Students have announced that they will be sending Mark Rutte, Prime Minister of the Netherlands, a Tikkie for their student debt.
We’ve all been there. You log on to DUO and see that disgusting large number staring back at you. All that debt. Panic ensues. You question your life choices, your reason for existence. You emotionally eat an entire tub of Ben and Jerry’s, which puts you further in debt.
But what if there was a simple way out?
Like sending a Tikkie to Mark Rutte, for example.
60,000 students to send a Tikkie to Rutte
Well, now you can. Students who began studying in the academic year 2015-2016 have organised a Facebook event entitled “Massaal Tikkies naar Mark Rutte sturen met onze studieschuld” (or “Send Tikkies en masse to Mark Rutte with our study debt”). By now, well over 60,000 current and former students have shown their support to the Facebook event by clicking “Going” or “Interested”.
What is Tikkie?
If you don’t know what a Tikkie is- first of all, you clearly don’t have Dutch friends. Tikkie is an app commonly used in the Netherlands to share costs. For example, if you go out to dinner with a friend and they pay, they will later send you a “Tikkie” for the amount you owe them. It makes paying people back simpler, and it’s also the perfect example of Dutch efficiency and stinginess coming together.

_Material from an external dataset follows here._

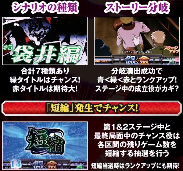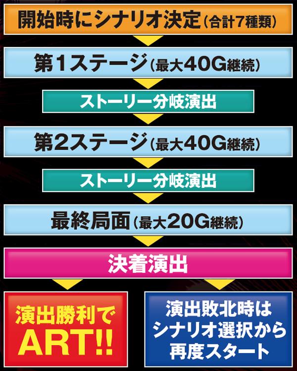まずは全7種類のシナリオの中から開始時に1つを選び、以後はそのシナリオに沿ってゲームが進行する。ストーリーは第1ステージ、第2ステージ、最終局面の3パートに分かれており、各ステージ間で発生する分岐演出に成功すればストーリーの進行が有利になる。途中でチャンス役を引くと残りゲーム数の短縮抽選が行われる。

19.3 billion euros of student debt nationwide
Students who began university in 2015-2016 suffered the worst of the change in student financing- they studied in the period after the basic grant was abolished, and before it was reintroduced. On Monday, the Central Bureau of Statistics (CBS) announced that the total student debt of (former) students this year is 19.3 billion euros. This is 1.9 billion euros more than in 2018.
“Breakdown generation”
Chairman Alex Tess Rutten of the National Student Union (LSVb) called it “irresponsible that we saddled young people with such a debt”, according to Hart van Nederland. She announced on Monday that it is time for the government to abolish the loan system and to compensate for this “breakdown generation”. The new loan system was introduced in the 2015-2016 academic year as a replacement for the basic grant. The average study debt then increased from 12,400 euros (in 2015) to 13,700 euros this year.
Rutte’s response
The VVD has reported that they have already received dozens of Tikkies, mostly for the maximum amount of money the app allows you to request- 750 euros. A spokesperson for the VVD says it is “great to find that students are so involved in their future and make their voices heard in this original way”. It is not yet clear that the VVD itself will respond to the student campaign through policy changes.
What do you think about this hilarious campaign? Will you be sending a Tikkie to Rutte? Let us know in the comments below.
Feature image: Arno Mikkor/Flickr.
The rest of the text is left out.